● **Instructions for the task**
Starting with the first line below, extract each line through the one that contains "近日,机关二十一支部组织支部", inclusive, excluding pictures.

[[ Available data, beginning ]]

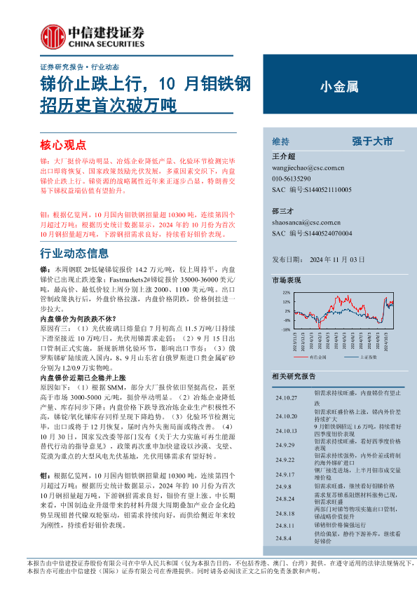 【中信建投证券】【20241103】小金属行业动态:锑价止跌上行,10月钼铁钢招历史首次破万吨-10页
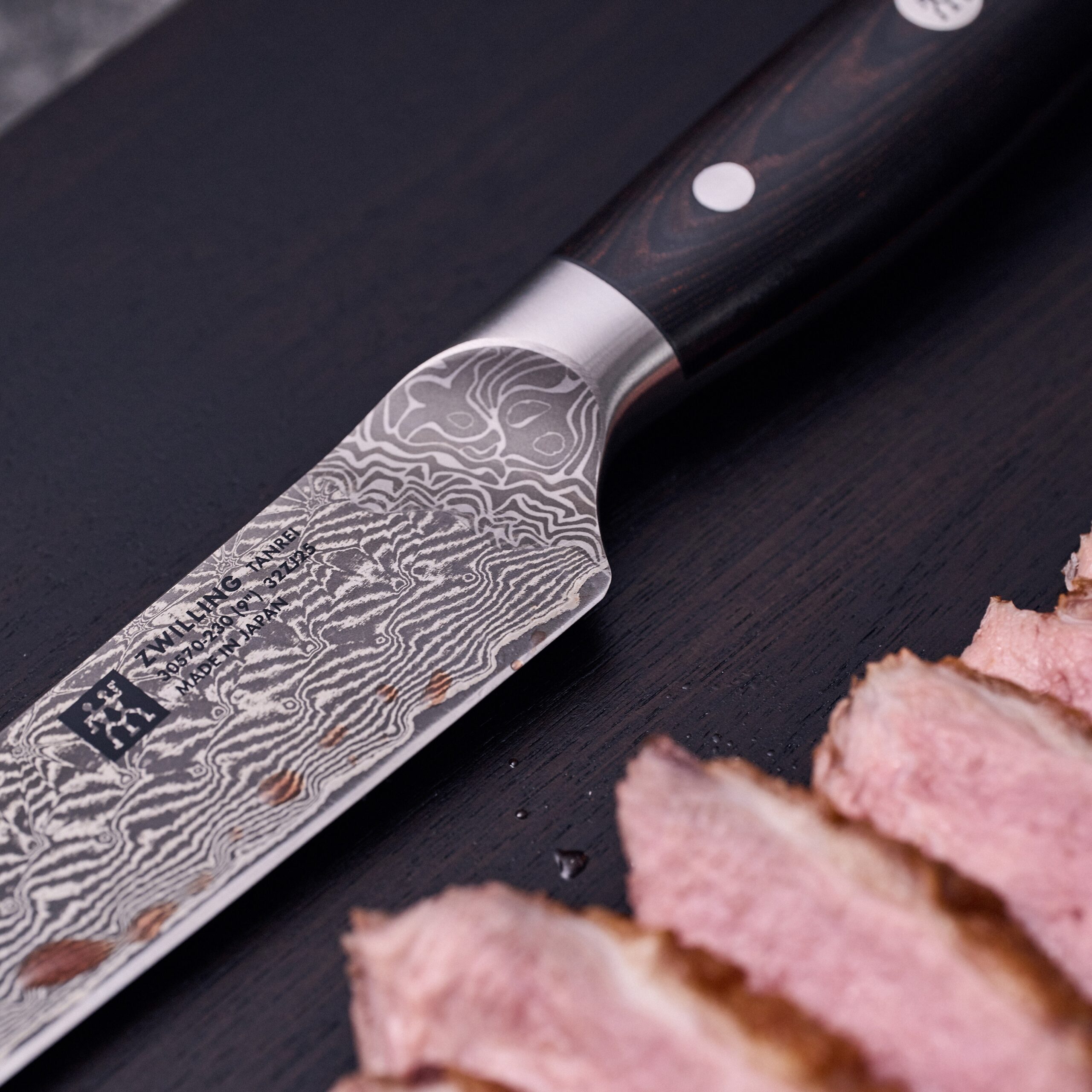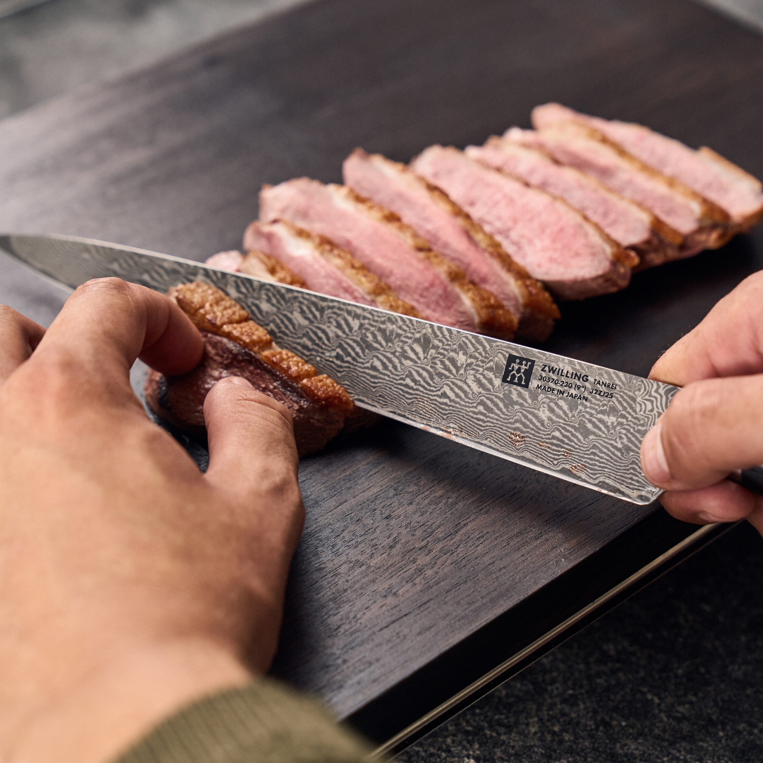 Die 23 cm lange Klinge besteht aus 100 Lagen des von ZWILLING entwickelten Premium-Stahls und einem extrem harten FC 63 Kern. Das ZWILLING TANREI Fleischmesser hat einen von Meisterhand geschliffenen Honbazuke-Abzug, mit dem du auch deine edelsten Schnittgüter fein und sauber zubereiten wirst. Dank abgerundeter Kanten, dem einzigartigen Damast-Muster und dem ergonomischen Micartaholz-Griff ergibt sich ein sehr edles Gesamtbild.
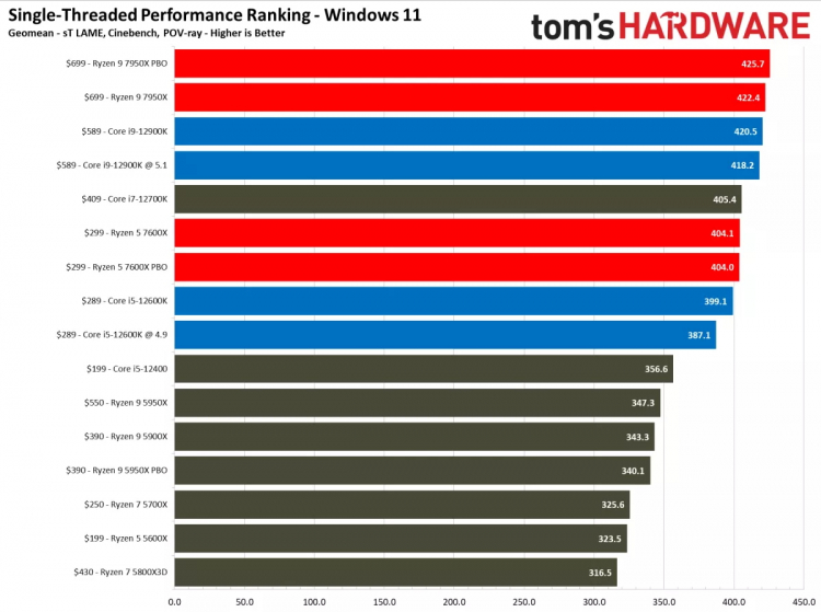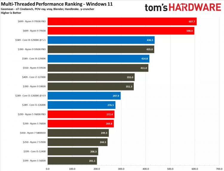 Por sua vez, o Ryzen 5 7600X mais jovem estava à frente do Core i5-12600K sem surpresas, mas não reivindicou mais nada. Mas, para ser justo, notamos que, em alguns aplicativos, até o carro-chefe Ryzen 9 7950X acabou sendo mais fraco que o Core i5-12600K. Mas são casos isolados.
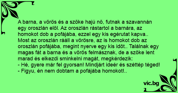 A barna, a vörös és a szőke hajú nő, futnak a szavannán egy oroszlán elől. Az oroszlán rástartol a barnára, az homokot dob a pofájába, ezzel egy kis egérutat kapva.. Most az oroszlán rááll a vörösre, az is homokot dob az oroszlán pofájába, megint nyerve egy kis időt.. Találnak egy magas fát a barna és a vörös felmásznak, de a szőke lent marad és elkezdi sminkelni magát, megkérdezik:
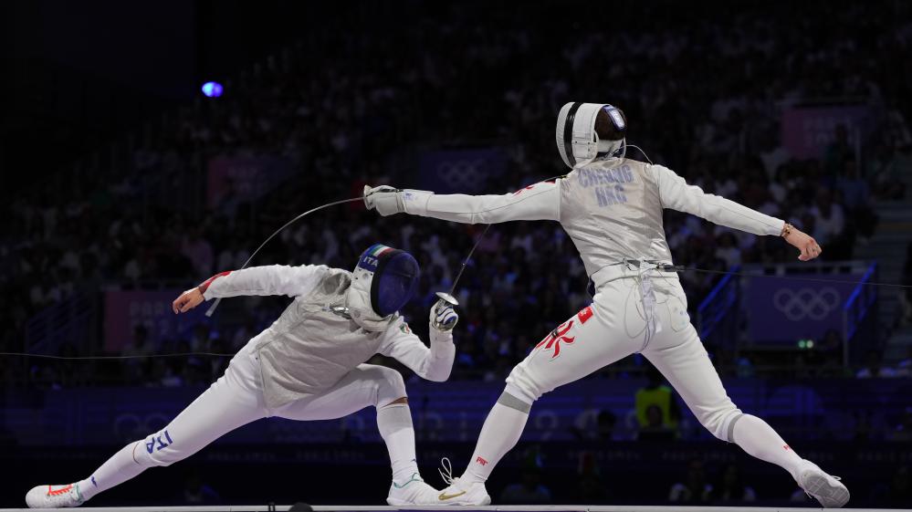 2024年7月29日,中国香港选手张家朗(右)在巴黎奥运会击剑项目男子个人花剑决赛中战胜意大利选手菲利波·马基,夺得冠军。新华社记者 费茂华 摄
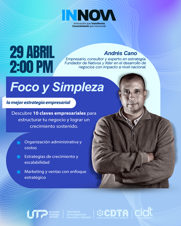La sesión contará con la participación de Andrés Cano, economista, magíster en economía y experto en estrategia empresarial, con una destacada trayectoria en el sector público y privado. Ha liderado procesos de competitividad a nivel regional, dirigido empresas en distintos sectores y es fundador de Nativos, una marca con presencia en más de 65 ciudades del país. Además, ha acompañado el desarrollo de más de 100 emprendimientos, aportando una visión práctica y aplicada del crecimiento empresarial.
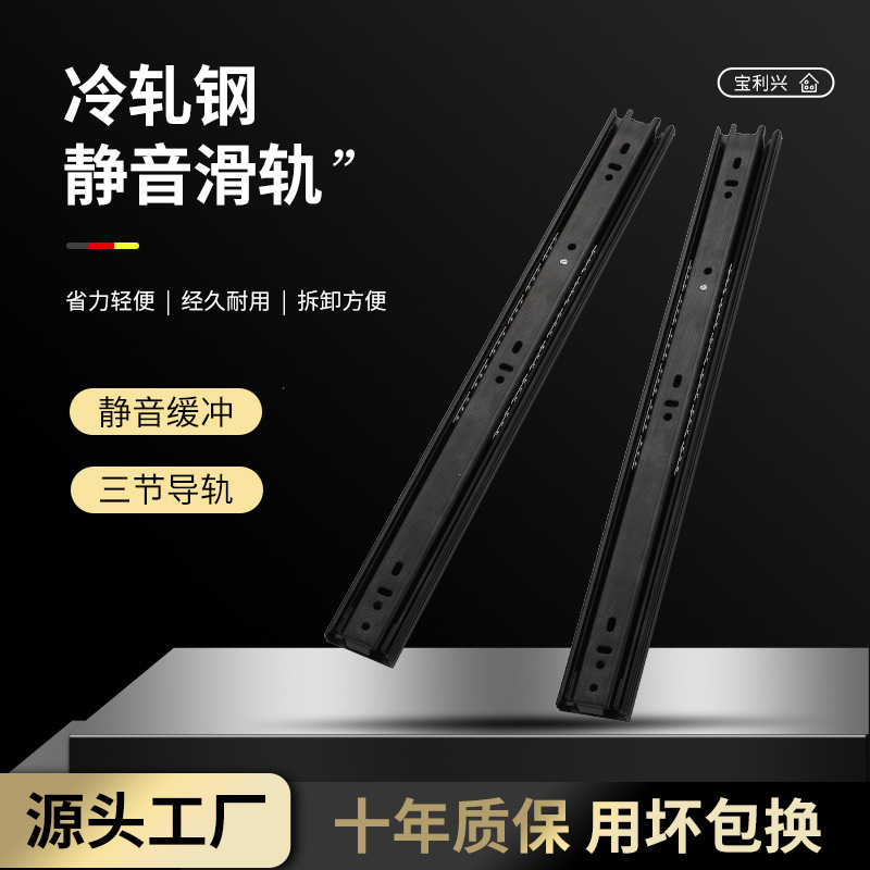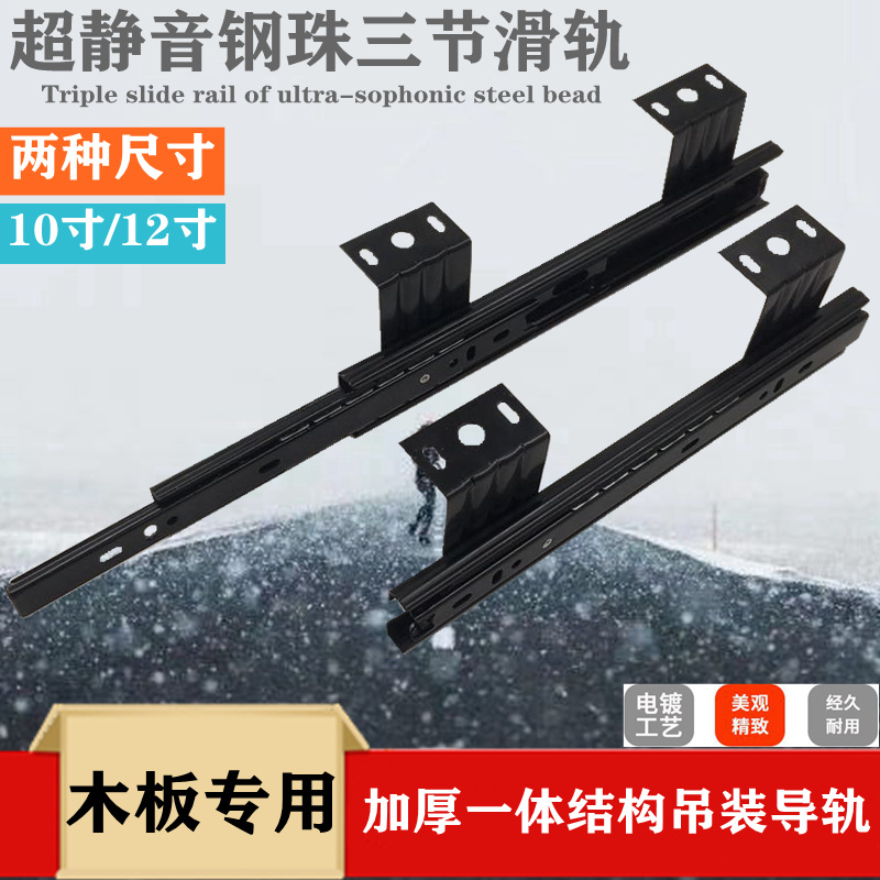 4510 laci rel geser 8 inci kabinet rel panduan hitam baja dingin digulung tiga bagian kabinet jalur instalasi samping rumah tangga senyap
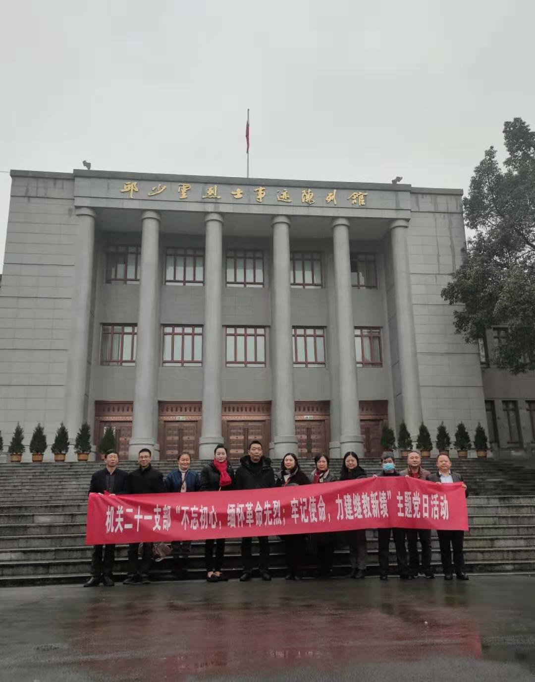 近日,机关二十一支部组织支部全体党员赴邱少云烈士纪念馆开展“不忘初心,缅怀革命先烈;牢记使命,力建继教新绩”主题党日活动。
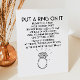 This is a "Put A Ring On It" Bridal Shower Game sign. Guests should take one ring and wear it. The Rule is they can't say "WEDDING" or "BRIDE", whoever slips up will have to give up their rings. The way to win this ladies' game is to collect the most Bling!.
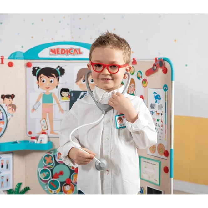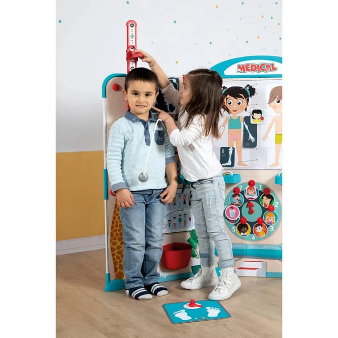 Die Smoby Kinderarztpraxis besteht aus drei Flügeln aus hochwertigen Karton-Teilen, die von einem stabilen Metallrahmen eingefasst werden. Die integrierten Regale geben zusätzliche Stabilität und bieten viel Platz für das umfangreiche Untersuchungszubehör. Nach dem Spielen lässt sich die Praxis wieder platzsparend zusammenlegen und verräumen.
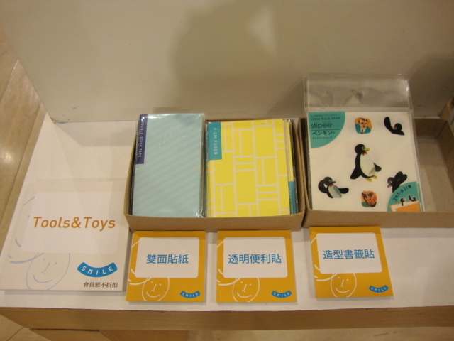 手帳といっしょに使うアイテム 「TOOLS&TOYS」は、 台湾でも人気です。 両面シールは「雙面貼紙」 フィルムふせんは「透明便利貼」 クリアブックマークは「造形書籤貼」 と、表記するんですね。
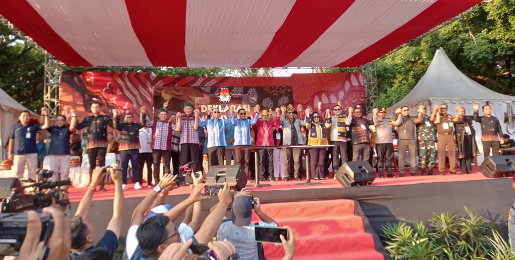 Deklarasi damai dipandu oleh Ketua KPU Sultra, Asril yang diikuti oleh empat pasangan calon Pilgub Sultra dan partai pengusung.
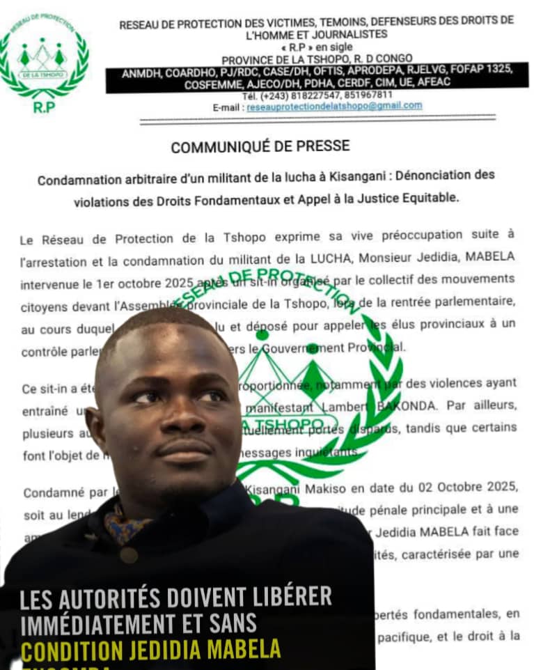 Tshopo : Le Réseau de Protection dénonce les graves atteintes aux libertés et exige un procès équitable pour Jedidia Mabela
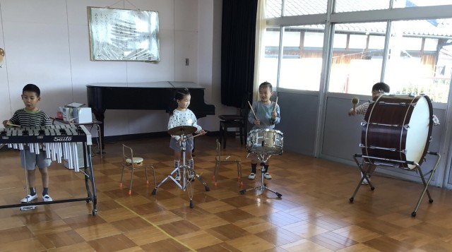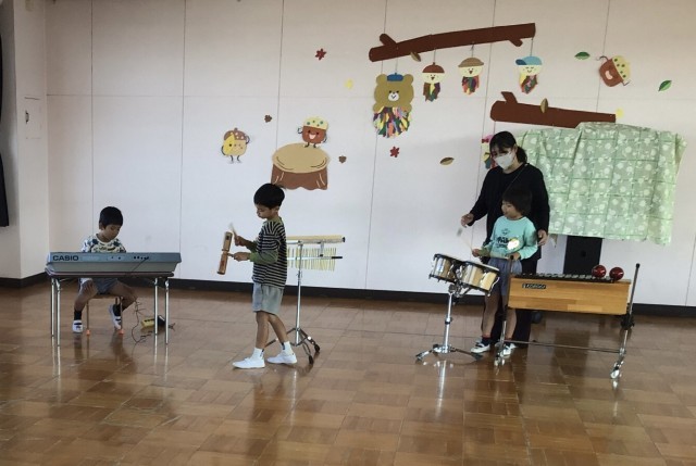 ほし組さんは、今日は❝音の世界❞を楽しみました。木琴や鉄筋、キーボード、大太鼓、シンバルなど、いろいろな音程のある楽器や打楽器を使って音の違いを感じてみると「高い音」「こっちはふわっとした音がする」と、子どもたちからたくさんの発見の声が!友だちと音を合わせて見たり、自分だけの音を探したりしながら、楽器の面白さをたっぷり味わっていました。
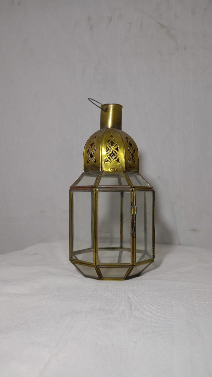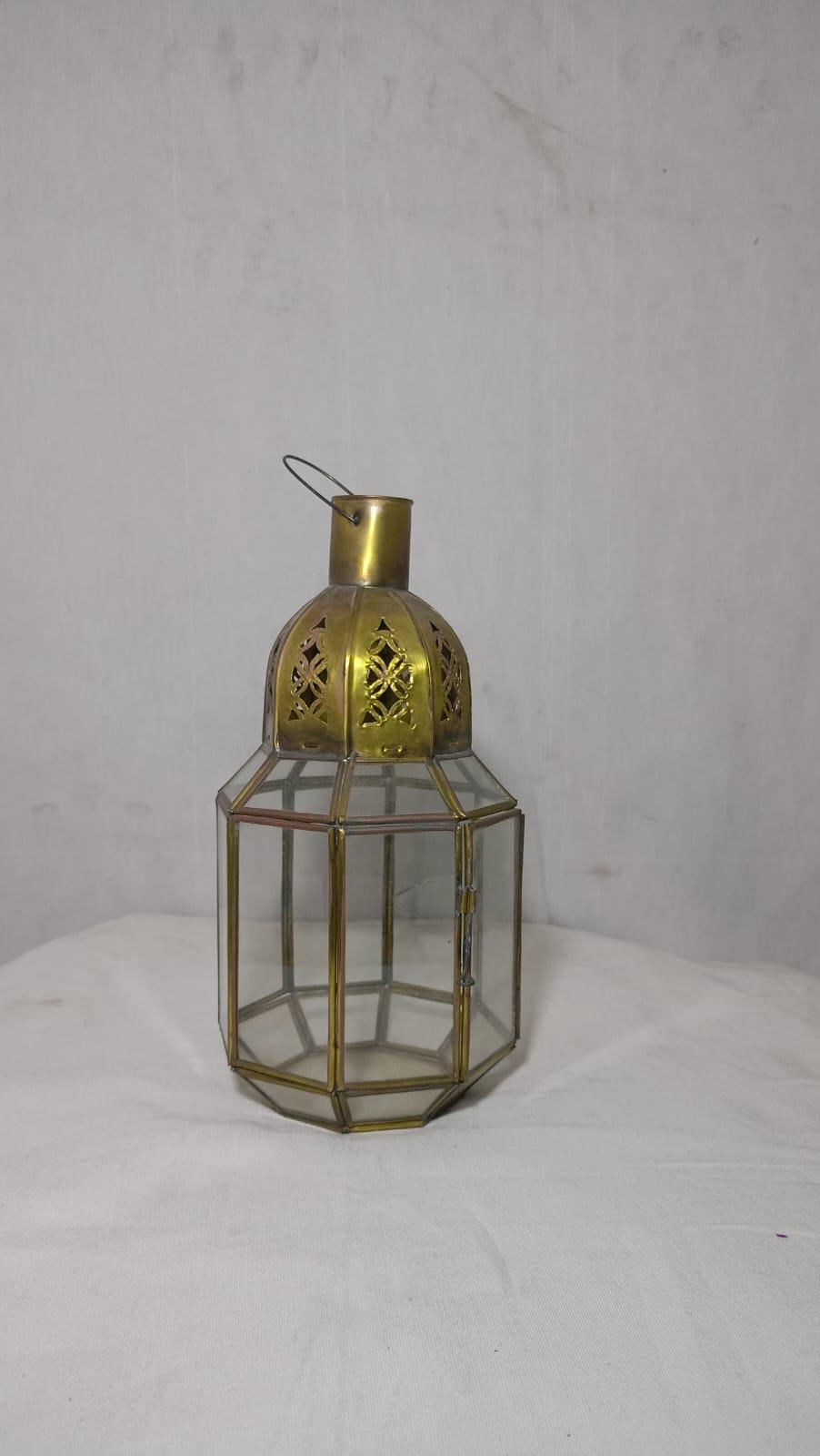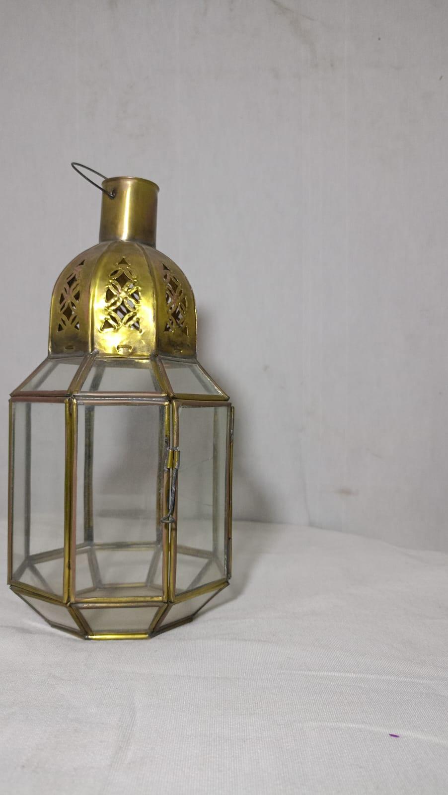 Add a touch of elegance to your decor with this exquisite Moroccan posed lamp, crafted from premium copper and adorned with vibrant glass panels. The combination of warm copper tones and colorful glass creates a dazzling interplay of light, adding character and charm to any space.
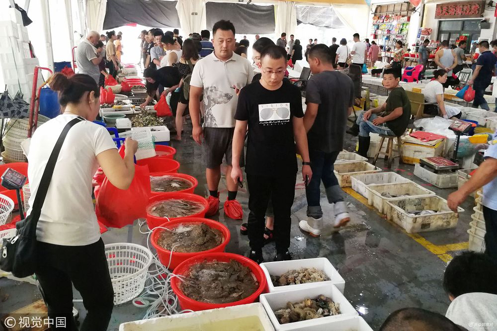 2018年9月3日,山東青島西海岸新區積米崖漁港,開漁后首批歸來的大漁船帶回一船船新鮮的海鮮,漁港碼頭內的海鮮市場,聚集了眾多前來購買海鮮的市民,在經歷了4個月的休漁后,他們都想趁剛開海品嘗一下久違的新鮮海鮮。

[[ Available data, end ]]

● **Solution to this problem**
 【中信建投证券】【20241103】小金属行业动态:锑价止跌上行,10月钼铁钢招历史首次破万吨-10页
 Die 23 cm lange Klinge besteht aus 100 Lagen des von ZWILLING entwickelten Premium-Stahls und einem extrem harten FC 63 Kern. Das ZWILLING TANREI Fleischmesser hat einen von Meisterhand geschliffenen Honbazuke-Abzug, mit dem du auch deine edelsten Schnittgüter fein und sauber zubereiten wirst. Dank abgerundeter Kanten, dem einzigartigen Damast-Muster und dem ergonomischen Micartaholz-Griff ergibt sich ein sehr edles Gesamtbild.
 Por sua vez, o Ryzen 5 7600X mais jovem estava à frente do Core i5-12600K sem surpresas, mas não reivindicou mais nada. Mas, para ser justo, notamos que, em alguns aplicativos, até o carro-chefe Ryzen 9 7950X acabou sendo mais fraco que o Core i5-12600K. Mas são casos isolados.
 A barna, a vörös és a szőke hajú nő, futnak a szavannán egy oroszlán elől. Az oroszlán rástartol a barnára, az homokot dob a pofájába, ezzel egy kis egérutat kapva.. Most az oroszlán rááll a vörösre, az is homokot dob az oroszlán pofájába, megint nyerve egy kis időt.. Találnak egy magas fát a barna és a vörös felmásznak, de a szőke lent marad és elkezdi sminkelni magát, megkérdezik:
 2024年7月29日,中国香港选手张家朗(右)在巴黎奥运会击剑项目男子个人花剑决赛中战胜意大利选手菲利波·马基,夺得冠军。新华社记者 费茂华 摄
La sesión contará con la participación de Andrés Cano, economista, magíster en economía y experto en estrategia empresarial, con una destacada trayectoria en el sector público y privado. Ha liderado procesos de competitividad a nivel regional, dirigido empresas en distintos sectores y es fundador de Nativos, una marca con presencia en más de 65 ciudades del país. Además, ha acompañado el desarrollo de más de 100 emprendimientos, aportando una visión práctica y aplicada del crecimiento empresarial.
 4510 laci rel geser 8 inci kabinet rel panduan hitam baja dingin digulung tiga bagian kabinet jalur instalasi samping rumah tangga senyap
 近日,机关二十一支部组织支部全体党员赴邱少云烈士纪念馆开展“不忘初心,缅怀革命先烈;牢记使命,力建继教新绩”主题党日活动。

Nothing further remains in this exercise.